**WHAT IS EXPECTED**
Repeat the listing word for word. No pictures belong in the copy.

**GIVEN MATERIAL**
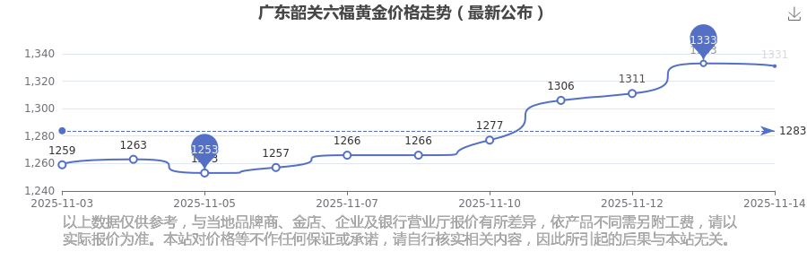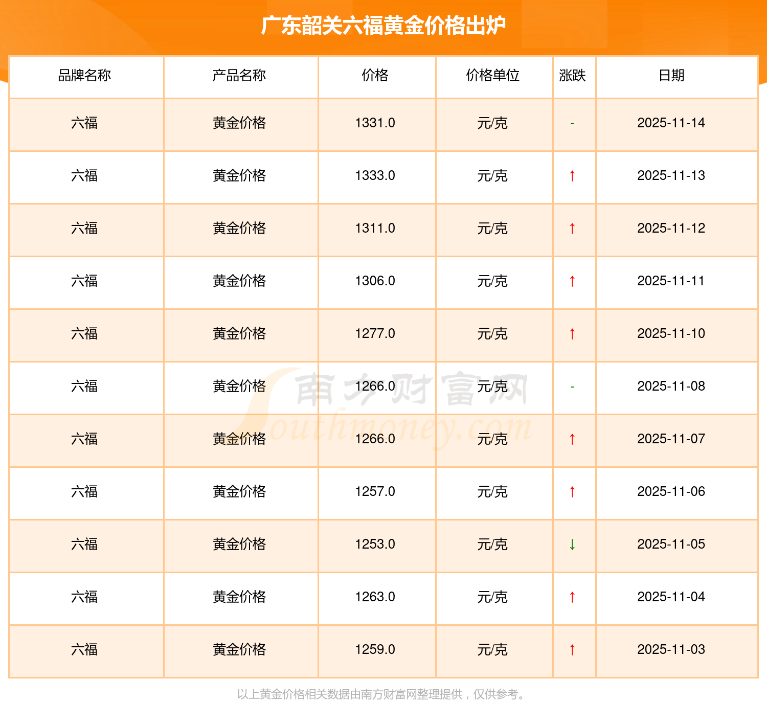 廣東韶關(guān)六福黃金價格現(xiàn)在一克多少錢? 廣東韶關(guān)六福黃金價格表,今日廣東韶關(guān)六福黃金價格查詢,2025年11月16日廣東韶關(guān)六福黃金價格為1331.0元/克。
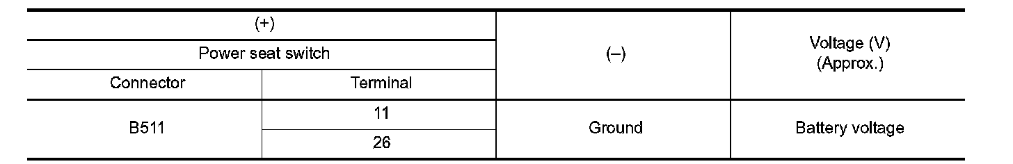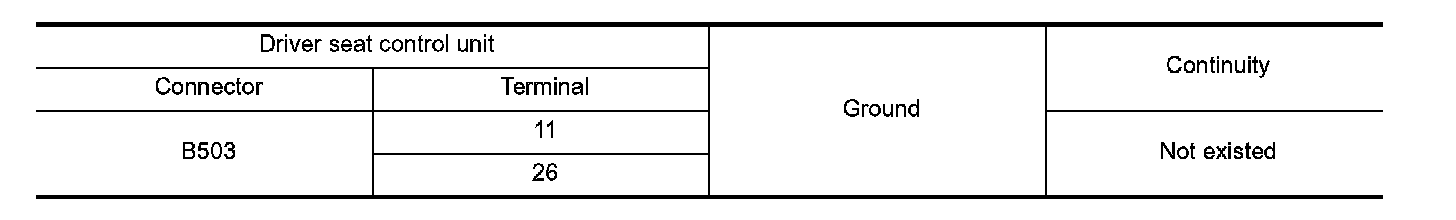 2. Check continuity between driver seat control unit harness connector and power seat switch harness connector.
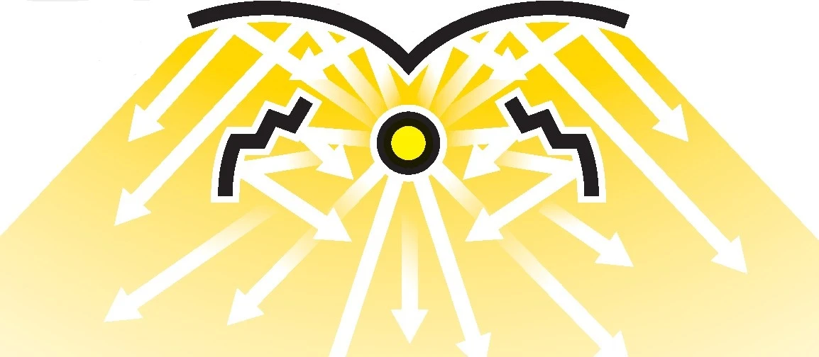 Das einzigartige Profil des Reflektors ist so konzipiert, dass die von der Lampe abgegebene Wärme abgeleitet und die Beleuchtungsstärke an den Seiten der Lampe erhöht wird, wodurch eine gleichmäßige Ausleuchtung und eine Reduzierung der Wärme gewährleistet wird.

**EXERCISE RESPONSE**
 廣東韶關(guān)六福黃金價格現(xiàn)在一克多少錢? 廣東韶關(guān)六福黃金價格表,今日廣東韶關(guān)六福黃金價格查詢,2025年11月16日廣東韶關(guān)六福黃金價格為1331.0元/克。
 2. Check continuity between driver seat control unit harness connector and power seat switch harness connector.
 Das einzigartige Profil des Reflektors ist so konzipiert, dass die von der Lampe abgegebene Wärme abgeleitet und die Beleuchtungsstärke an den Seiten der Lampe erhöht wird, wodurch eine gleichmäßige Ausleuchtung und eine Reduzierung der Wärme gewährleistet wird.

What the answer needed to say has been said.